§ **What to do**
Please transcribe only the lines that run from the line bearing "AC250V10A-C30K003B 交流单相、双共模+差模,高性能-C3系列" to the end of the entries, keeping both end lines. Skip the pictures.
[Opening Records for this exercise section]
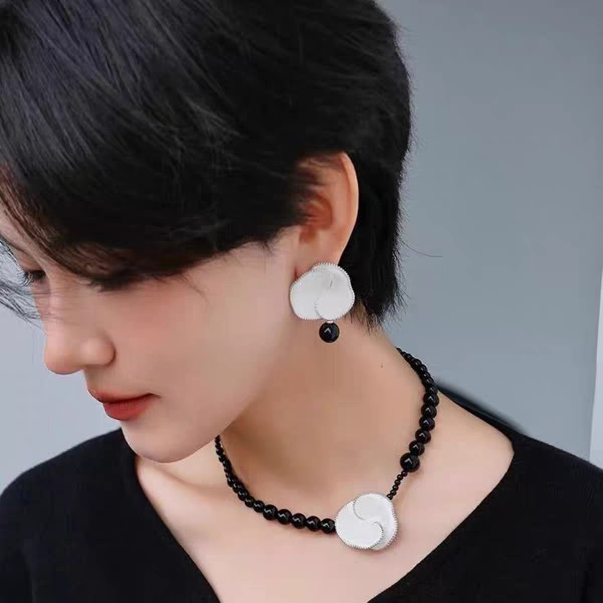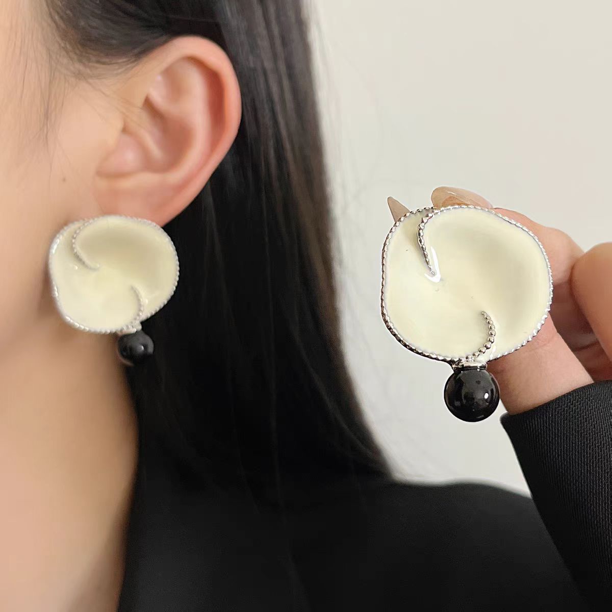 black agate ear studs
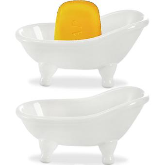2 Pack Ceramic Soap Dish Bathtub, White Decorative Bar Soap Holder, Small Porcelain Soap Tray With Drainage Hole For Shower Bathroom Vanity.
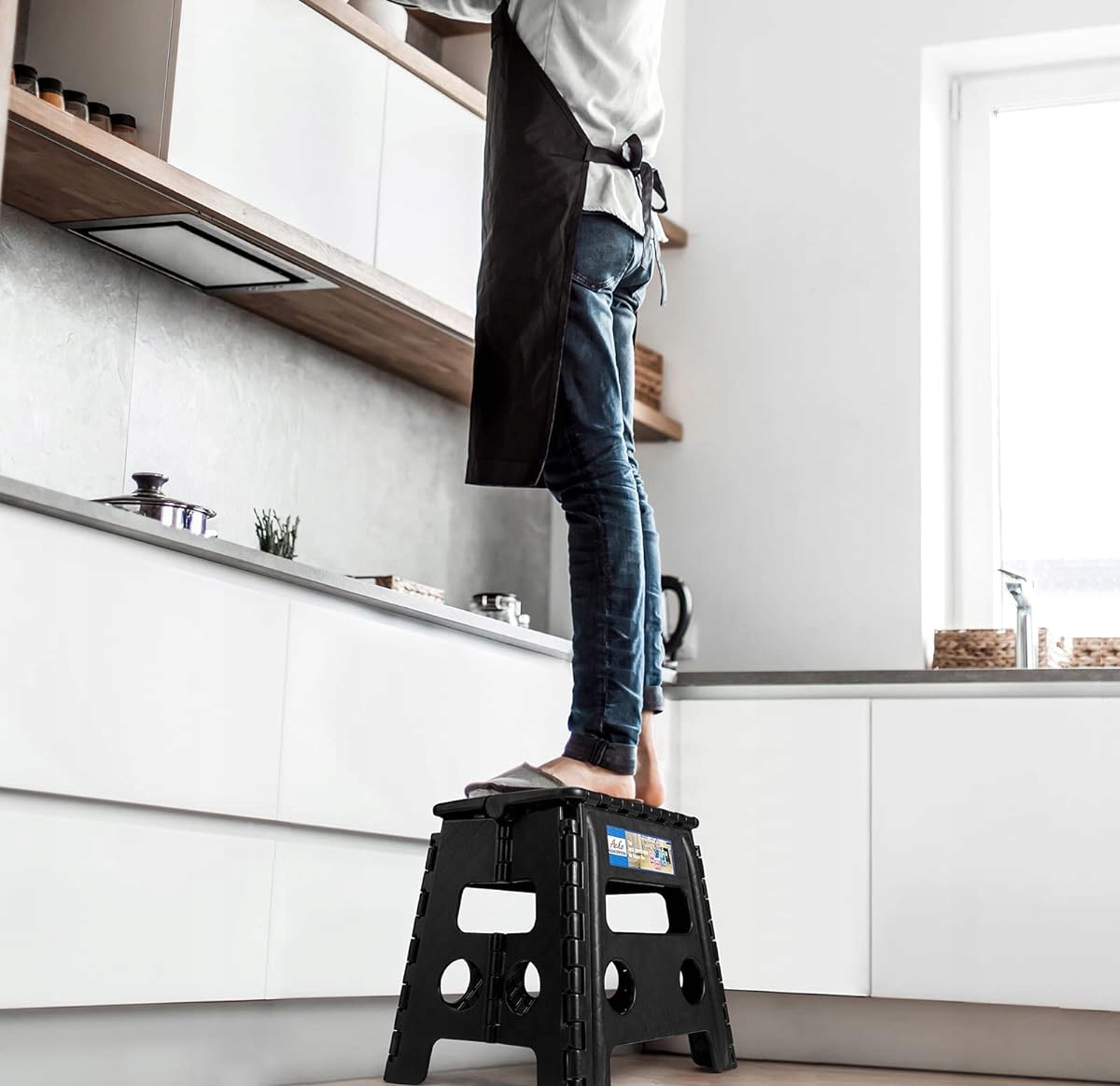 Ступенька-стремянка в сложенном виде экономит более 90% места в вашем шкафу. Переносную складную ступеньку весом всего 1,82 кг можно легко транспортировать, она быстро и легко складывается для удобного хранения, поэтому ее можно открыть с помощью ручки и. Вы также можете спрятать ее в углу дома, поскольку она очень компактна.
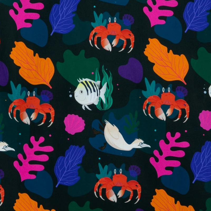 - Tropical print pattern features Sebastian, Flounder and Scuttle
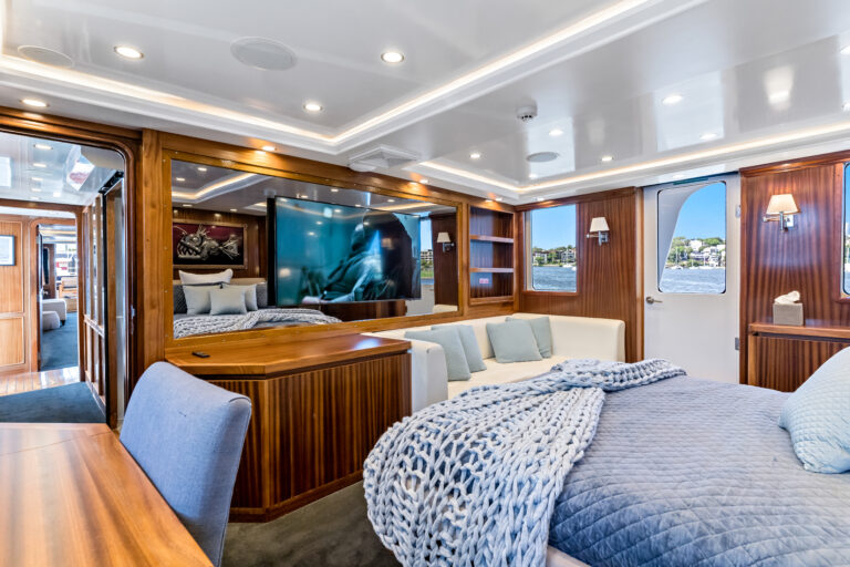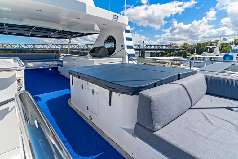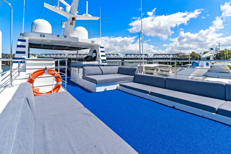 Indulge in the opulent amenities of our well appointed superyacht, which boasts a capacity of up to 50 guests for chartered events or 14 guests overnight. With a rooftop bar, jacuzzi, spacious living areas and luxurious sleeping quarters, spread over three separate levels, you’ll relax and unwind in style onboard Caviar.
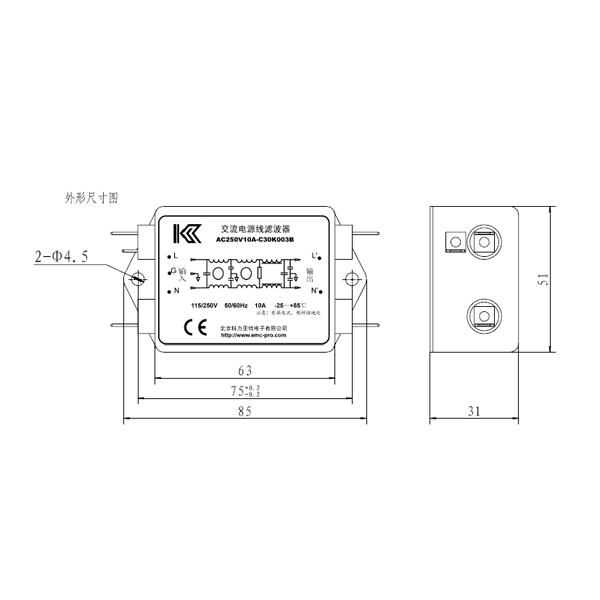 AC250V10A-C30K003B 交流单相、双共模+差模,高性能-C3系列
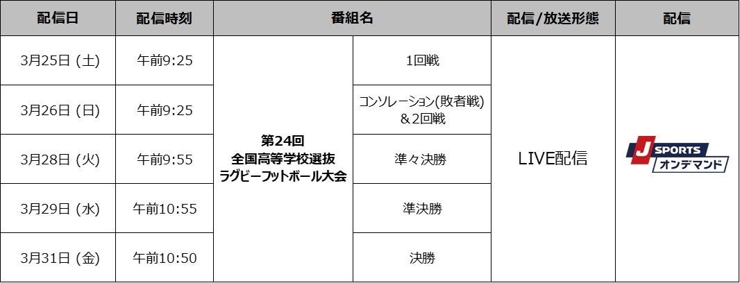 スポーツテレビ局、株式会社ジェイ・スポーツ(本社 東京都江東区、代表取締役社長 長谷 一郎、以下「J SPORTS」 ※1)は、3月25日(土)から3月31日(金)にかけて熊谷スポーツ文化公園熊谷ラグビー場で開催される「第24回全国高等学校選抜ラグビーフットボール大会」を、PC、スマホ、タブレットで見られる動画配信サービス「J SPORTSオンデマンド」 ※2 で全試合をLIVE配信いたします。
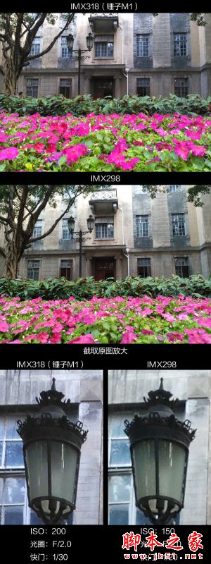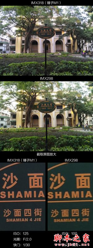 錘子M1主攝像頭具有2295萬有效像素,相比主流的1600萬像素高出約41%,理論上可以保留更多細節。IMX298對於路標文字的解析已經力不從心,而IMX318則顯得從容許多。
[Closing Records for this exercise section]
§ **Solution**
 AC250V10A-C30K003B 交流单相、双共模+差模,高性能-C3系列
 スポーツテレビ局、株式会社ジェイ・スポーツ(本社 東京都江東区、代表取締役社長 長谷 一郎、以下「J SPORTS」 ※1)は、3月25日(土)から3月31日(金)にかけて熊谷スポーツ文化公園熊谷ラグビー場で開催される「第24回全国高等学校選抜ラグビーフットボール大会」を、PC、スマホ、タブレットで見られる動画配信サービス「J SPORTSオンデマンド」 ※2 で全試合をLIVE配信いたします。
 錘子M1主攝像頭具有2295萬有效像素,相比主流的1600萬像素高出約41%,理論上可以保留更多細節。IMX298對於路標文字的解析已經力不從心,而IMX318則顯得從容許多。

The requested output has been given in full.